Tried again with guest kernel-4.11.0-rc5+ from git://git.kernel.org/pub/scm/linux/kernel/git/torvalds/linux.git, the result is still bad which is 0.33Mpps. 

So it's a upstream bug ? May I open one bug for tracking it and close this bug ?

Comment 22 Quan Wenli 2017-06-15 06:51:57 UTC

(In reply to Quan Wenli from comment #21)
> (In reply to jason wang from comment #20)
> > (In reply to Quan Wenli from comment #18)
> > > (In reply to jason wang from comment #16)
> > > > (In reply to Quan Wenli from comment #15)
> > > > > Hi, jason, wei 
> > > > > 
> > > > > Please check following performance results, pps is increased with 1
> > > > > rx-frames to 128 rx-frames, but with performance drop with 256 rx-frames. is
> > > > > it expected?
> > > > > 
> > > > > 
> > > > > 
> > > > > Ｓteps: 
> > > > > 1. boot 2 vms in same bridge. 
> > > > > 2. run pktgen.sh on device eth0 on vm1. make sure the eth0's mac address on
> > > > > vm2 assigned in pktgen.sh script. 
> > > > > 3. gather pps result on vm2. 
> > > > > 
> > > > >  rx-frames      pkts/s
> > > > > -----------+--------------+
> > > > >      0         311290
> > > > > -----------+--------------+
> > > > >      1         311195
> > > > > -----------+--------------+
> > > > >      4         313300
> > > > > -----------+--------------+
> > > > >     16         315542
> > > > > -----------+--------------+
> > > > >     64         328584
> > > > > -----------+--------------+
> > > > >    128         329697
> > > > > -----------+--------------+
> > > > >    256         312774      ----------> drop compared rx-frames=128
> > > > > -----------+--------------+
> > > > 
> > > > Interesting, in my setup with 3.10.0-671.el7.x86_64.
> > > > 
> > > > rx-frames 0,   0.63Mpps
> > > > rx-frames 64,  0.99Mpps (+57%)
> > > > rx-frames 256, 0.99Mpps (+57%)
> > > > 
> > > > Have you pinned all threads in one numa nodes during testing?
> > > > 
> > > > Thanks
> > > 
> > > I tried with your image which guest is using 4.10.0+ kernel, the performance
> > > is up to 0.5Mpps, then I also tried with latest upstream 4.11.0-rc5+, the
> > > performance is still 0.33Mpps.
> > > 
> > > So no performance difference between rhel7.4 guest and latest upstream
> > > guest,but it seems an existed regression issue between 4.10.0+ and
> > > 4.11.0+rc5+ in upstream.
> > 
> > Can you try net.git or linux.git. My image use net-next which is in fact a
> > development tree.
> > 
> > Thanks
> 
> Tried again with guest kernel-4.11.0-rc5+ from
> git://git.kernel.org/pub/scm/linux/kernel/git/torvalds/linux.git, the result
> is still bad which is 0.33Mpps. 
> 
> So it's a upstream bug ? May I open one bug for tracking it and close this
> bug ?

After check again, I found there is no regression in upstream, the root cause for regression pps between 4.10 to 4.11 is the different param in pktgen.sh. 
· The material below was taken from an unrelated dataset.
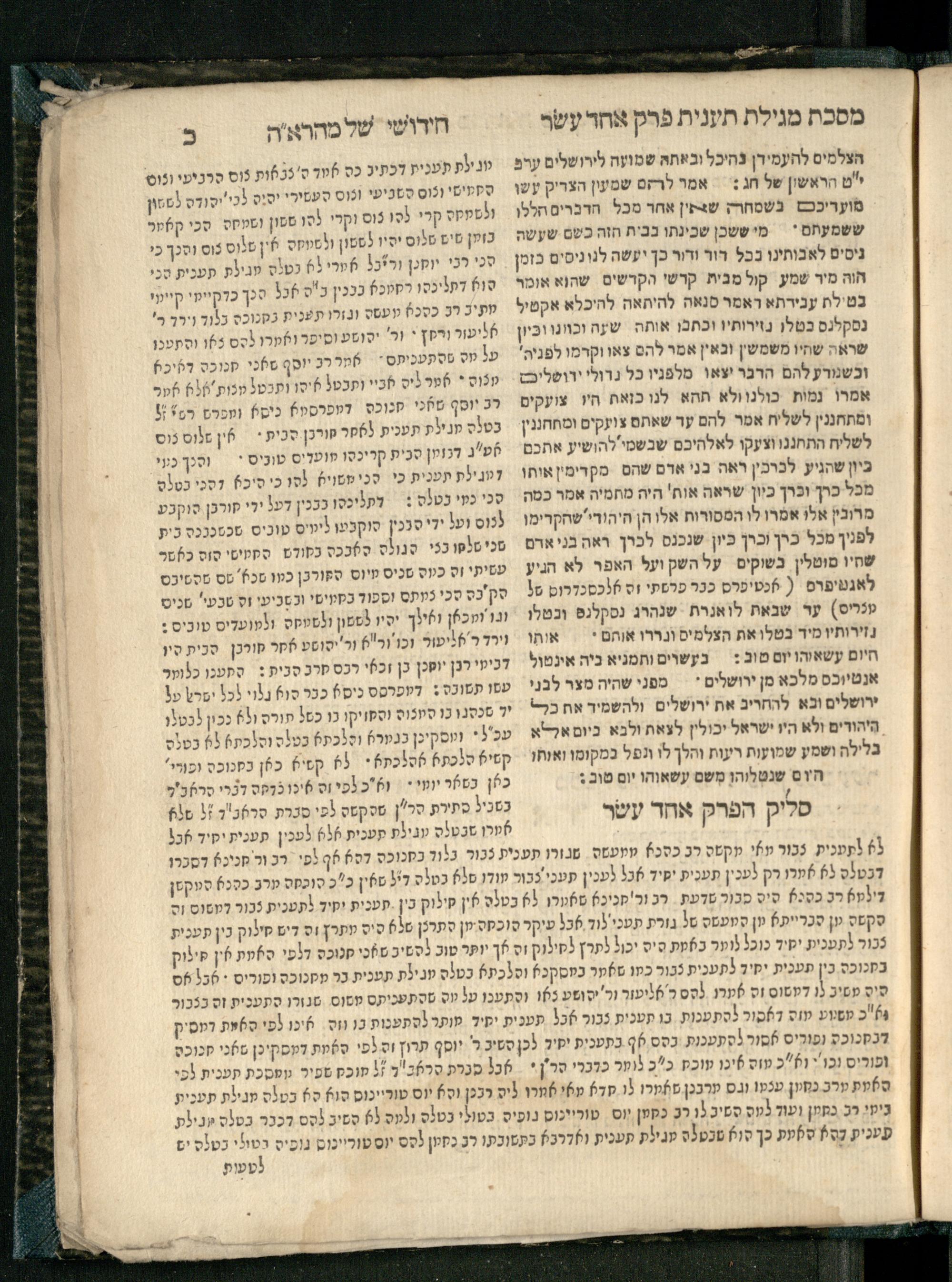 Masekhet Megilat Taʿanit : reʾeh zeh ḥadash asher lo hayah le-ʿolami masekhet zo ʿim perush maspiḳ she-nilḳaṭ min sugyot u-masḳanot Talmud Bavli ṿe-Talmud Yerushalmi, min Rashi ṿe-Tosafo. u-lifʿamim me-ḥadesh ha-meḥaber perush ... ṿe-niḳra shemo Perush kolel shel Maharʾah ʿal shem she-kolel kol ha-perushim Perush Rashi ṿe-Tosafot ... gam perush ʿal ha-Milo. zarot a.p. sefer ha-neḥmad ʿArukh ḥadash ṿe-hemah mi-tsad a. shel zeh ha-sefer u-mi-tsad ha-b. ḥidushe ha-meḥaber ... Ṿe-niḳraʾim Ḥidushe Maharah ʿal shemo ... Avraham ha-Leṿi ben ... Yosef Segal ... ben ... Avraham Perets Segal ... mi-ḳ.ḳ Ḳraḳa ...מסכת מגילת תענית : ראה זה חדש אשר לא היה לעולמי׳ מסכת זו עם פירוש מספיק שנילקט מן סוגיות ומסקנות תלמוד בבלי ותלמוד ירושלמי, מן רש״י ותוספו׳ ולפעמים מחדש המחבר פירוש ... ונקרא שמו פירוש כולל של מהרא״ה על שם שכולל כל הפירושים פירוש רש״י ותוספות ... גם פירוש על המלו׳ זרות ע״פ ספר הנחמד ערוך חדש והמה מצד א׳ של זה ספר ומצד הב׳ חידושי המחבר ... ונקראים חידושי מהרא״ה על שמו ... אברהם הלוי בן ... יוסף סג״ל ... בן ... אברהם פרץ סג״ל ... מק״ק קראקא

１. Both enabled dst (IP) and dst_mac, the pps performance was minium with 0.25. 

2. Only enabled dst_mac, the pps performance was middle with 0.32 which I got with 4.11-rc5+ kernel.

3. Only enabled dst(IP), the pps performance was maxium with 0.5 which I got with 4.10 kernel.
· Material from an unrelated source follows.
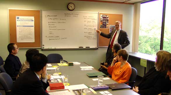 院长一行在负责国际事务的副校长汤姆·米尔兹的陪同下参观俄勒冈大学国际处的各个部门,并听取了他们的情况介绍。俄勒冈大学是美国一所研究型大学,建于1914年。目前俄勒冈大学设有7个学院,25个学术研究机构。有20000名学生,其中15000人是本科生,其余的是硕士生和博士生。学生中包括1500名外国学生,其中中国学生200人。每年,俄勒冈大学还向海外派出800名学生。俄勒冈大学是北美大学联盟成员,太平洋地区大学联盟成员。俄勒冈大学非常重视国际性的学术交流活动,近年来尤其重视与中国大学的合作与交流,旨在形成该校在中国文化交流与研究方面的学术地位。

So there is regression in upstream.

And for this bug with only dst (IP), the pps performance was indeed improved with enlarging rx-frames. 

rx-frames 0,    0.50
rx-frames 1,    0.53
rx-frames 4,    0.56
rx-frames 64,   0.64


Base on above, change it to verified.

Comment 23 Quan Wenli 2017-06-19 05:17:18 UTC

> 
> After check again, I found there is no regression in upstream, the root
> cause for regression pps between 4.10 to 4.11 is the different param in
> pktgen.sh. 
> 
> １. Both enabled dst (IP) and dst_mac, the pps performance was minium with
> 0.25. 
> 
> 2. Only enabled dst_mac, the pps performance was middle with 0.32 which I
> got with 4.11-rc5+ kernel.
> 
> 3. Only enabled dst(IP), the pps performance was maxium with 0.5 which I got
> with 4.10 kernel.
> 
> So there is regression in upstream.

Should be no regression in upstream

Comment 25 errata-xmlrpc 2017-08-02 04:53:19 UTC

Since the problem described in this bug report should be
resolved in a recent advisory, it has been closed with a
resolution of ERRATA.

For information on the advisory, and where to find the updated
files, follow the link below.

If the solution does not work for you, open a new bug report.

https://access.redhat.com/errata/RHSA-2017:1842